Unser Lager haben wir in al-Gazirah aufgeschlagen. Wie ein stilles, verwunschenes Boot liegt diese Insel mitten im Nil, durch eine breite Brücke mit Eisengeländer und Löwenstatuen an den Brückenköpfen mit dem Ufer verbunden. Wunderschön ist es hier: Vornehme Wohnhäuser säumen die ruhigen, baumbestandenen und deshalb schattigen Straßen. Wer hier lebt, mit dem hat Fortuna es wirklich gut gemeint. Sogar einen Sportclub gibt es! Und natürlich einen Palast, vom vorigen Khediven erbaut, mit pastellfarbenen Bögen und Säulen und mit gusseisernen Gittern wie aus fein gewebter Spitze – märchenhaft, wie aus Tausendundeiner Nacht. »Jardin des Plantes« wird al-Gazirah auch genannt, wegen seiner vielen Gärten, allen voran der Botanische Garten des Khediven. Ein lauschiges Stückchen vom Paradies also – und mittendrin sitzen nun wir, die britische Armee, mit unseren Zelten und unserem militärischen Krimskrams. Ein scharfer Kontrast, wie Du Dir vielleicht vorstellen kannst.

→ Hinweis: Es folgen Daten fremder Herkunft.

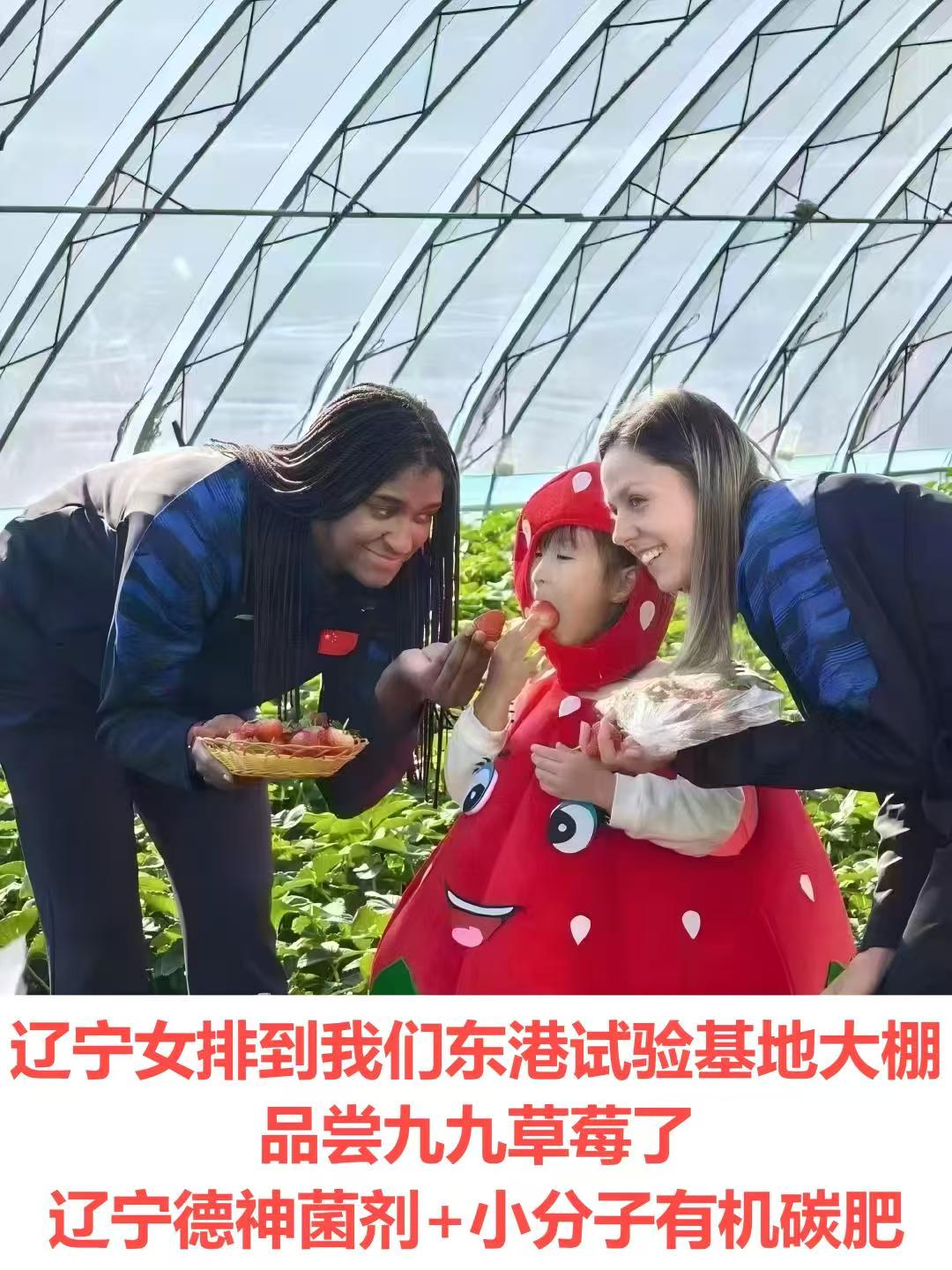 辽宁女排到东港试验基地大棚品尝九九草莓

Ich find’s famos, dass ihr wieder ans College wollt, Du und Ads! Sis würde es gewiss auch nicht schaden, ihr Näschen häufiger in Bücher zu stecken und sich etwas weniger mit Modemagazinen und Gesellschaftsklatsch zu beschäftigen. Apropos: Falls Du meiner nachlässigen kleinen Schwester einmal schreibst, richte ihr doch bitte aus, dass Royston sich nach einigen Zeilen aus ihrer Feder verzehrt. Vielleicht schlägt sie eine Ermahnung von Dir nicht in den Wind, wie sie es bei ihrem großen Bruder tut. Royston lässt mir sonst nämlich keine Ruhe und raubt mir mit seinem Gejammer nach dem Zapfenstreich noch den Schlaf! Kleiner Scherz. Ich bin froh, dass ich ihn und die anderen um mich habe, das lindert mein Heimweh doch etwas, ungeachtet dessen, was es hier alles zu sehen und zu entdecken gibt, während wir unseren doch recht eintönigen Dienst versehen.
Du allerdings fehlst mir ungeheuer, Grace, mehr, als ich sagen kann. Bitte schreib mir so oft wie möglich. Ich freue mich über jede Zeile von Dir.